LLM Evaluation

LLM Eval Metrics That Actually Matter in Production

By Fatima Al-Rashid · April 24, 2025 · 10 min read

Every team building LLM features starts with the metrics they already know: BLEU, ROUGE, perplexity. These come from machine translation and language modeling research, and they're well understood — but they were designed for different problems than the ones production LLM features actually face. A decade of NLP research has tuned them for benchmark performance. Your users don't experience benchmarks.

When we started thinking carefully about which metrics actually predict user satisfaction in deployed LLM products, the ranking was counterintuitive. The metrics with the most research behind them (BLEU, ROUGE) ranked lowest. The metrics most correlated with the things that make users stop using a product — hallucination, guardrail failures, coherence breakdown — were largely absent from standard eval frameworks.

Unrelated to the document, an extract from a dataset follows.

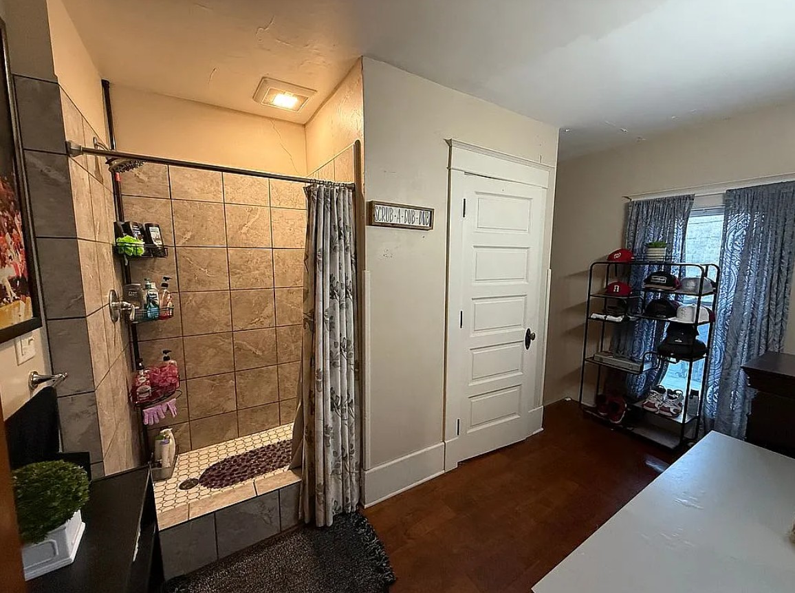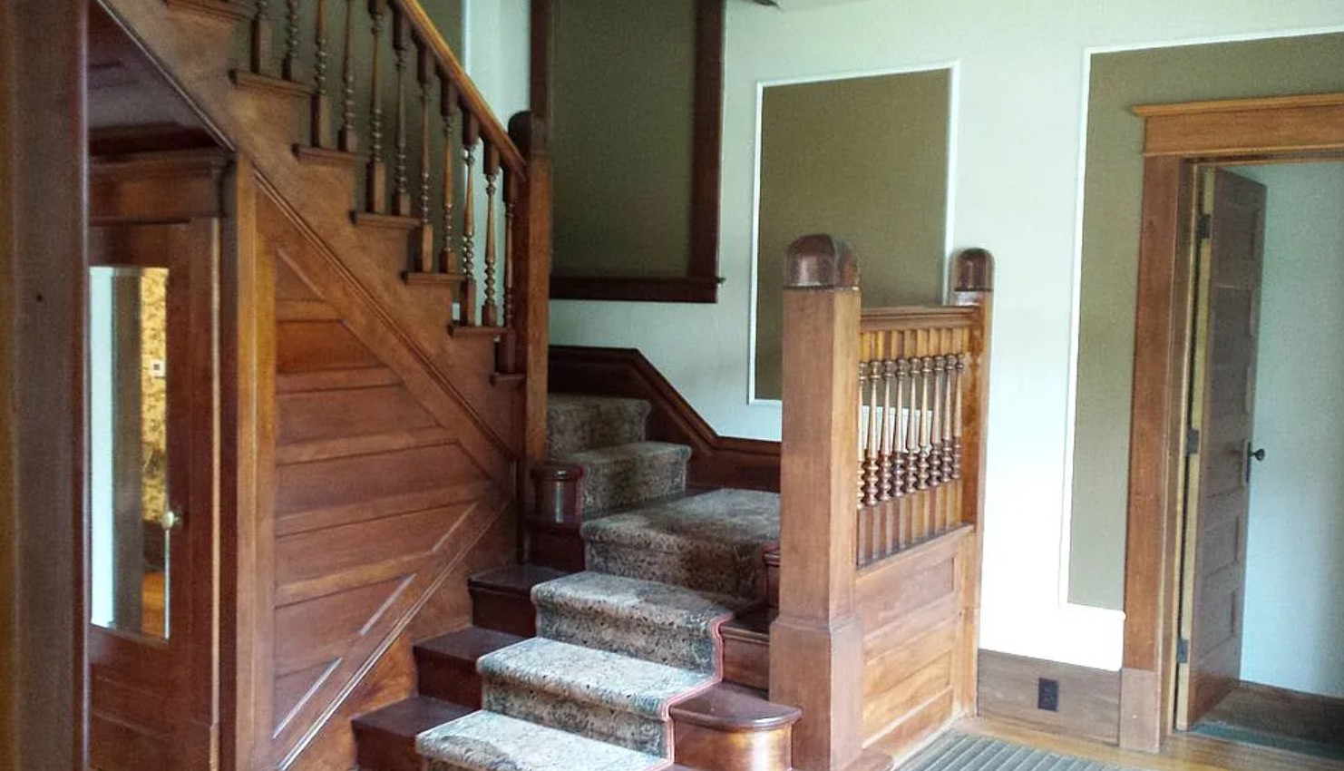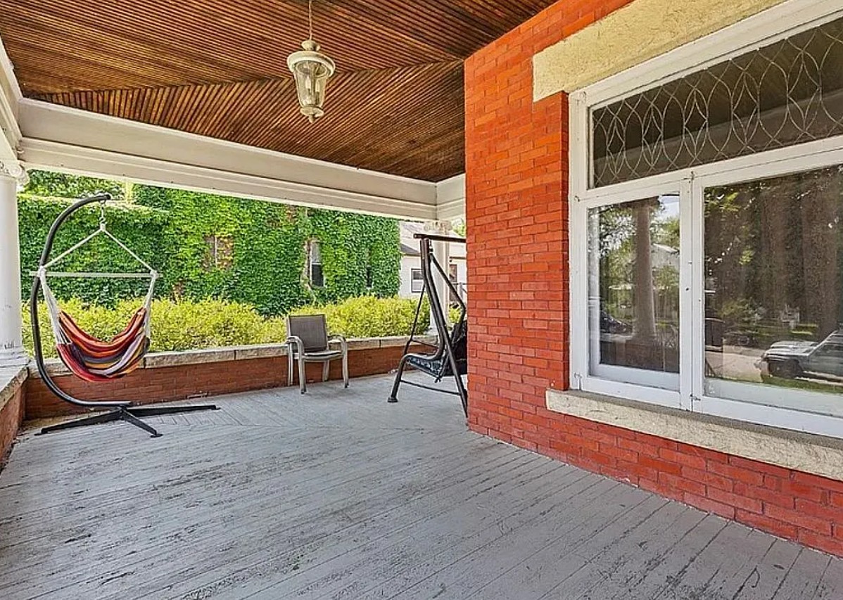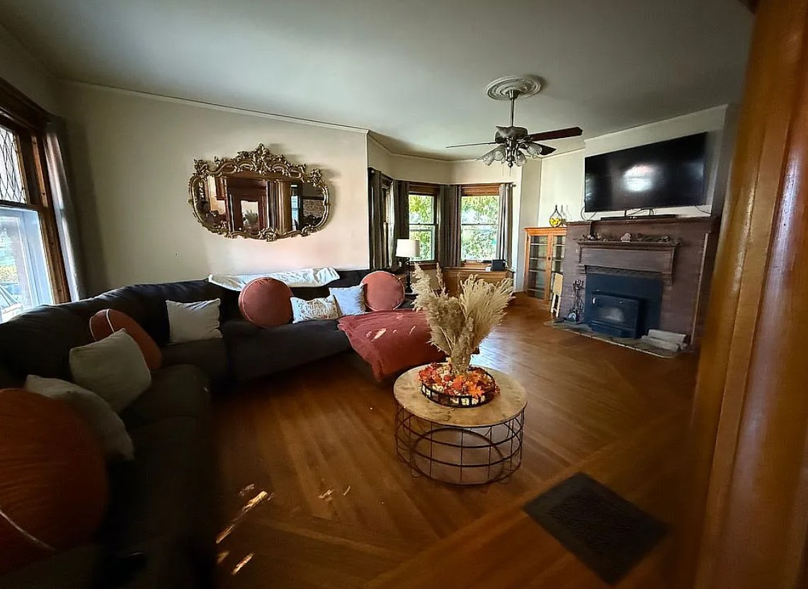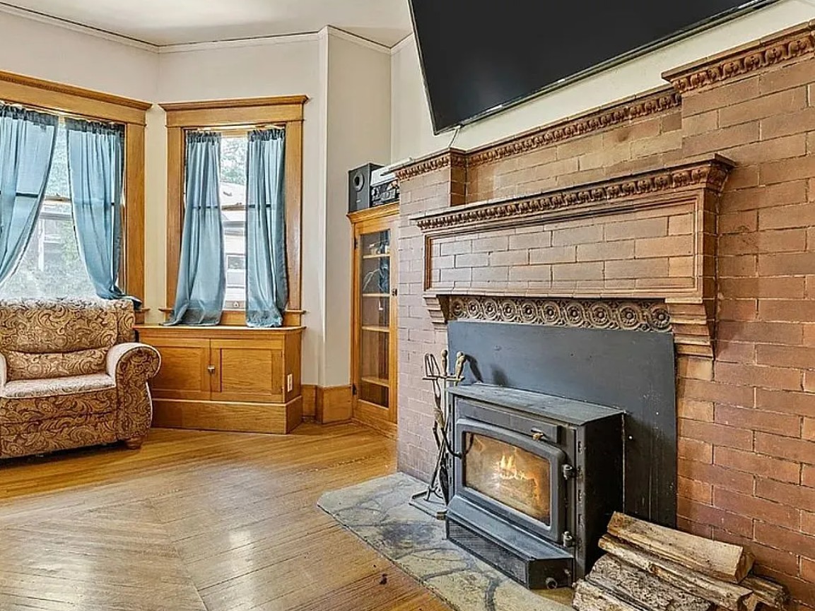 Inside, the home boasts rich, detailed woodwork, soaring ceilings, and original hand-laid hardwood floors that exude character and warmth.

This is our current hierarchy, based on building evals for LLM-powered products across a few different verticals since late 2024. It's not a universal ranking — the weights depend heavily on your use case — but it's a useful starting point for teams figuring out what to instrument.

Tier 1: Metrics That Directly Predict Trust Loss

Factuality / Entailment Pass Rate

For any feature that retrieves or synthesizes factual information, factuality is the highest-stakes metric. A single fabricated fact that a user acts on can break trust in a way that takes months of good performance to rebuild. This is especially true for B2B products where users are applying LLM output to consequential decisions.

Factuality is measured as: of the factual claims in the model's output, what fraction are entailed by the input context or verifiably accurate? In practice this requires either a judge model doing entailment checking or a human-labeled golden dataset. The cost is non-trivial, which is why many teams skip it. That's a mistake. This metric is the one most strongly correlated with user-reported accuracy complaints.

Guardrail Compliance Rate

If your feature has behavioral constraints — topics it should refuse, formats it must follow, information it should never reveal — guardrail compliance rate tracks what fraction of outputs adhere to those constraints. This is not the same as not-getting-a-complaint from users. Guardrail failures often don't get reported; users just quietly lose trust or find workarounds.

Guardrail compliance is typically evaluated with rule-based checks (does the output contain any of these patterns?) supplemented by classifier-based checks for more nuanced constraints. The suite of guardrails to test should be driven by your feature's specific constraints, not a generic safety checklist.

Tier 2: Metrics That Predict Response Quality

Semantic Similarity (BERTScore / Embedding Cosine Distance)

Semantic similarity measures — computed via embedding cosine distance or BERTScore — outperform ROUGE for most LLM evaluation tasks because they capture meaning similarity rather than lexical overlap. "The invoice was paid on March 3rd" and "Payment for the invoice was processed on March 3" have low ROUGE-L but high semantic similarity. That's the correct judgment.

Semantic similarity is most useful as a regression detector: if your semantic similarity score on your golden set drops after a prompt update, something semantically meaningful has changed in the output distribution, even if ROUGE is stable. It's not a perfect indicator of quality (high semantic similarity doesn't mean correct), but it's a reliable indicator of meaningful change.

The embedding model matters here. We use domain-appropriate embedding models where available. A general-purpose embedding model will conflate terms that are semantically distinct in your specific domain. For a legal document assistant, legal-domain embeddings produce more reliable similarity scores than a general-purpose model trained on web text.

Coherence Score

Coherence measures whether the response holds together logically — whether each sentence follows from the previous, whether the overall response is organized, whether it doesn't contradict itself internally. It's distinct from factuality (a coherent response can be factually wrong) and from semantic similarity (a response can be semantically similar to a reference but incoherent).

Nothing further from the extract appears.